Eng: Great Engineering Comes From Great Infrastructure

A great engineering culture starts with a great engineering infrastructure. A great infrastructure allows people to stack technologies and leverage arbitrarily upon each other, compounding their leverage to enormously high levels. On the other hand, without infrastructure and culture in place, a team struggles with mundane issues such as integration, expertise segmentation, communication problems, redundant system administration efforts, and silo’ed [undebuggable] code base.[1]

Many tech pundits say that Google by far is some of the worst product-oriented tech companies in Silicon Valley. Wave sucked donkies. Buzz was marginally better. G+ is a premature baby. The first few versions of Android was terrible in terms of usability/security/developer APIs. The first few versions of Google search was mediocre at best. The first few versions of Gmail was a big turn off for non-techies. And the early Google AdSense? Horrible contextual match.

This is not to say that Google is a horrible company as a whole but that it is a very misunderstood company. For what Google lacks as a product company, it makes up by having a superb backend infrastructure with very effective engineering practices. Lead by world most famous luminaries from both academia and industry, Google built some of the most amazing infrastructures including the homogenous data acenter/Borg (EC2), GFS (S3), MapReduce (Hadoop), SS Table/BigTable (HBase), Service Orinted Architecture (SoA), Protocol Buffer (Thrift), Mondrian (code review), Sawzall, SRE team & Borgmon (monitoring/management). These infrastructure foundations were and still are ahead of its time, and even today Amazon and Hadoop are still trying to catch up. This amazing Google foundations allow Google developers to build, integrate, and iterate a zillion different crappy products quickly. For example, while Facebook still have just one product in the last few years, Google used minimal developers to create Wave (failure), Buzz (failure), and Google+ within a short period of a few quarters.

So while Google end-user products are not exactly exemplary (relative to what Apple has cranked out), its backend infrastructure is something that is highly prized and coveted. Here are some of the simple engineering tenets that companies can replicate to also create a Googly infrastructure:

1) Use homogeneous systems. To minimize versioning problems, developers all use the same version of OS as the production machines. Imagine the old days back in the 90s: heterogeneous environment with NT4.0 + HPUX + SunOS + SCO + BSD + Irix + DEC, which creates a silo of people with different expertise, and invariably creates integration headaches.
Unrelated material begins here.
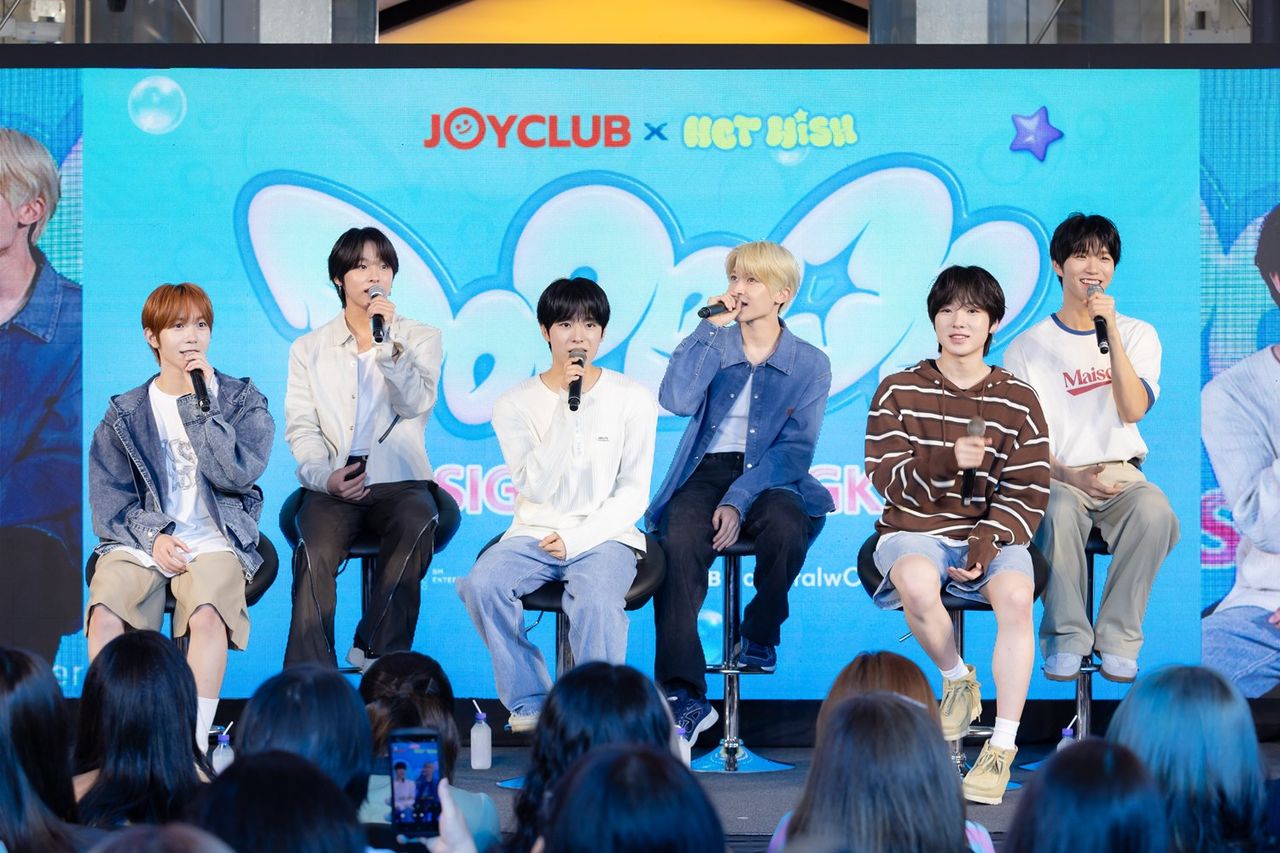 สุดป็อป ! NCT WISH (เอ็นซีที วิช) ศิลปินชายกลุ่มล่าสุดจาก SM ENTERTAINMENT (เอสเอ็ม เอนเทอร์เทนเมนต์) ที่ประกอบด้วย 6 สมาชิก ได้แก่ SION (ชิอน), RIKU (ริคุ), YUSHI (ยูชิ), JAEHEE (เจฮี), RYO (เรียว) และ SAKUYA (ซาคุยะ) มาเยือนประเทศไทยพร้อมแจกความสดใสให้แฟนคลับชาวไทยมาจอยกันจนล้นห้าง ในงาน ‘JOY CLUB x NCT WISH ‘poppop’ FANSIGN in BANGKOK’ (จอยคลับ เอ็กซ์ เอ็นซีที วิช ‘ป็อปป็อป’ แฟนไซน์ อิน แบงค็อก) เมื่อวันศุกร์ที่ 6 มิถุนายน 2568 ณ centralwOrld ชั้น 1 โซน central cOurt งานนี้จัดขึ้นโดย JOY CLUB (จอย คลับ) แพลตฟอร์มสมาชิก Loyalty & Rewards Platform ใหม่จาก SM True (เอสเอ็ม ทรู)

Because a significant amount of developer time is spent on integration and debugging, why create more problems by having a highly heterogeneous environment?

At Google, there is only 1.5 version of the OS, the “Goobuntu”. The developer uses the exact same version (and package dependencies) as the production system. “Versionitis” is no more.

2) Make the code base universally shared and accessible on a uniform version control system. This empowers any developer to look at and fix any other developer’s code, which minimizes unnecessary communications (e.g. “Hello Joe, I don't see your code and it is doing something weird, can you look into it?”). A developer at Google can read the entire Google source code, in google3/... as well as check in fixes for anyone else. How is that for transparency?

3) Pick a few core [production] languages, and stick to them. By having just a few core languages, developers from different groups can read each other’s code, and be able to jump from one group to another with ease.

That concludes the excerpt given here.